What does “Code is Data” even mean? 🤔
In short: when language syntax and its abstract syntax tree (AST) looks the same.
What does it give us? If syntax is the same as its AST it means that somehow code is defined in terms of itself. Since AST is a structured representation of code as data, which is used by compilers to manipulate programs and generate different code, then the program written in such language should be able to manipulate itself.
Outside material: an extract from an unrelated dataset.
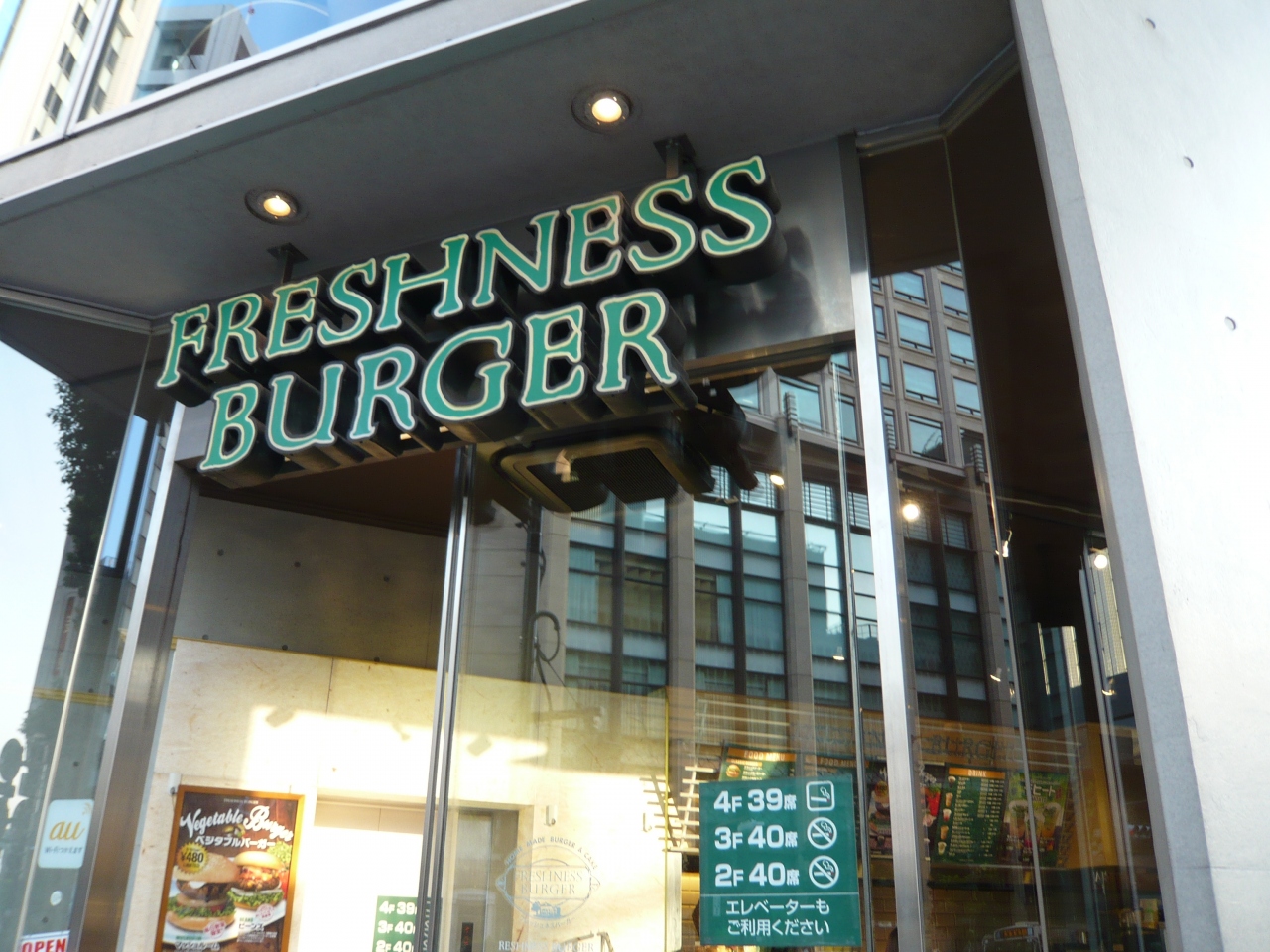東京メトロ日比谷駅から徒歩すぐ、晴海通り沿いに建つフレッシュネスバーガーです。

Let’s look at this snippet of code written in JavaScript:
const x = 1; if (isZero(x)) { log('zero'); } else { log(x); }
In order to transform this code (for example ES2015 into ES5) we would need a source-to-source compiler, such as Babel, which would parse program text into its AST, transform it into another AST and then generate a new code. It means that to transform JavaScript code we need a representation of it which can be manipulated by the language, in this case code text is being transformed into JSON.
Here’s AST of the above program in JSON format:
{ "type": "Program", "body": [ { "type": "VariableDeclaration", "declarations": [ { "type": "VariableDeclarator", "id": { "type": "Identifier", "name": "x" }, "init": { "type": "Literal", "value": 1, "raw": "1" } } ], "kind": "const" }, { "type": "IfStatement", "test": { "type": "CallExpression", "callee": { "type": "Identifier", "name": "isZero" }, "arguments": [ { "type": "Identifier", "name": "x" } ] }, "consequent": { "type": "BlockStatement", "body": [ { "type": "ExpressionStatement", "expression": { "type": "CallExpression", "callee": { "type": "Identifier", "name": "log" }, "arguments": [ { "type": "Literal", "value": "zero", "raw": "'zero'" } ] } } ] }, "alternate": { "type": "BlockStatement", "body": [ { "type": "ExpressionStatement", "expression": { "type": "CallExpression", "callee": { "type": "Identifier", "name": "log" }, "arguments": [ { "type": "Identifier", "name": "x" } ] } } ] } } ] }
But how would look like a language syntax where AST is code and code is AST? Most certainly we don’t want to write programs using the above representation because it is overly verbose. However this JSON representation can give us a hint on where to start looking for such language syntax. We know already that AST is a structured representation of code, which means that the code should be also structured. If we look at above AST it is clear that there’s nodes which correspond to certain syntax tokens.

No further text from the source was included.